A proposito di litigi, di mancati chiarimenti e di frasi strozzate, Luca Mazzucchelli, lo “psicologo che non usa il lettino”, al link https://www.psicologo-milano.it/newblog/relazioni-damore-combattere-insieme-durante-i-litigi/ cita alcuni dati “I tre argomenti più discussi nella coppia sono i soldi, la famiglia e le attenzioni. Magari non sono gli argomenti che più si notano in pubblico, ma, se guardiamo sotto la superficie, quello che trovi nella maggior parte dei casi sono queste 3 questioni […] Una coppia discute in media 2455 volte all’anno, ovvero circa 7 volte al giorno […] non è tanto il modo in cui tu combatti nel litigio, ma in cui tu e il tuo partner combattete assieme. Uno studio svolto su un campione di 1000 adulti ha dimostrato che quando le coppie sanno come litigare hanno una probabilità 10 volte superiore di stare insieme. L’errore più grande che di norma puoi commettere è quello dell’evitamento, ovvero non dici niente, sorridi e bevi la pozione, anche se magari senti che c’è qualcosa che non va.
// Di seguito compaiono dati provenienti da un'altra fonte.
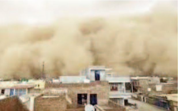
హైవేలపై మొత్తం చీకటి కమ్మేసింది. బికానర్ నగరం మొత్తం ఇసుక పొగతో నిండిపోయింది. దీంతో వాతావరణం రాకపోకలకు అటంకం ఏర్పడింది. స్థానికులు ఇళ్లు నుంచి బయటికి రాలేని పరిస్థితి నెలకొంది. ఇసుక దుమ్ముతో కూడిన గాలులు తీవ్రమవడంతో ఆ ప్రాంతంలో స్థానికులు భయంతో పడిపోయారు. ఇసుక తుఫాన్ , తీవ్రమైన గాలులతో నగరంలో సాధారణ జన జీవనం ఒక్కసారిగా స్తబ్ధించిపోయింది. కొన్ని ప్రాంతాల్లో విద్యుత్ సరఫరా కు నిలిచిపోయింది. షాపులు మూసివేసారు దుకాణదారులు. కొన్నిచోట్ల చెల్లు విరిగిపడ్డాయి.

తుఫాను ముగిసిన వెంటనే వాతావరణం చల్లబడింది. పలు జిల్లాల్లో ఇసుకమంటలు, మెరుపులతో కూడిన భారీ వర్షం కురిసింది. ఎండ వేడిమితో అల్లాడుతున్న ప్రజలకు ఈ వర్షం తాత్కాలిక ఉపశమనం కలిగించినప్పటికీ, అంతకుముందు సంభవించిన ఇసుక తుఫాను సృష్టించిన బీభత్సం వారినీ తీవ్ర ఇబ్బందులకు గురిచేసింది. అంతకుముందు శుక్రవారం కూడా రాజధాని జైపూర్ లో ఇలాంటి భీకర వాతావరణమే కనిపించింది. నిన్న ధోల్ పుర్ జిల్లాలో అత్యధికంగా 5.8 సెంటీమీటర్ల వర్షపాతం నమోదైంది. రాష్ట్రంలో మార్పులన్నీ ఈ వాతావరణ పరిస్థితులను భారత వాతావరణ శాఖ నిరంతరం పర్యవేక్షిస్తోంది. జైపూర్ లోని వాతావరణ కేంద్రం తెలిపిన వివరాల ప్రకారం.. రాజస్థాన్ లో ఈ తరహా ఇసుక తుఫానులు, ఈదురు గాలులతో కూడిన వాతావరణం మరో నాలుగైదు రోజుల పాటు కొనసాగి అవకాశం ఉంది. ప్రజలు అప్రమత్తంగా ఉండాలని అధికారులు సూచించారు. ఇసుక తుఫాన్ కారణంగా రోడ్లు, వీధులు,

Tendenzialmente chi evita questo tipo di conversazioni lo fa perché si dice consapevole del rischio che corre a parlarne […] Così quando lui dice: ‘Possiamo parlare di questo?’ e lei risponde: ‘Non voglio parlare di questo’, gli studi dimostrano che il 69% dei conflitti restano irrisolti e quindi questo significa che avremo la stessa discussione ancora e ancora e ancora”.

Per lo “spirito delle scale”, come per altri fenomeni umani, si crea un bivio. Alcuni non si crucciano del non aver risposto a dovere e dimenticano, agevolmente, l’accaduto né premeditano una rivincita. Altri, invece, rimangono con un forte disappunto e un tarlo che rode e promette una reazione opposta e doppia. Per questi ultimi, la deriva è patologica e crea scompensi d’umore, ansia, rabbia, distorsione della realtà.

I tempi sono essenziali nella musica, nel cinema, nel teatro. Il non aver trovato la risposta al momento giusto può anche significare che non ce ne fosse bisogno. Il singolo è convinto di aver perso chissà quale battaglia ma, in fondo, la leggera impreparazione può rappresentare anche il sinonimo di una legittima e ragionevole fine del conflitto, per questa “legge del taglione” di ordine dialettico. Rimanere in silenzio, soprassedere, non significa esser vuoti, al contrario: si è pieni di buon senso e razionalità. Lo spessore di una persona si coglie anche nel saper correre, nel non dannarsi l’anima e il fisico pur di rispondere, nel non marcire nell’odio e nel rancore.

L’“esprit de l’escalier” moderno, decade, in genere, in un astio inutile, dispersivo e divisivo che non ottiene risultati di sorta se non effimere soddisfazioni del proprio ego. Il confronto, sano e genuino, non soffre di mal di scale: un eventuale ritardo o dimenticanza di parole, una minor destrezza a rispondere non cagionano problematiche, risentimenti o divisioni. Tale fattispecie ha anche un nome: si chiama dialogo.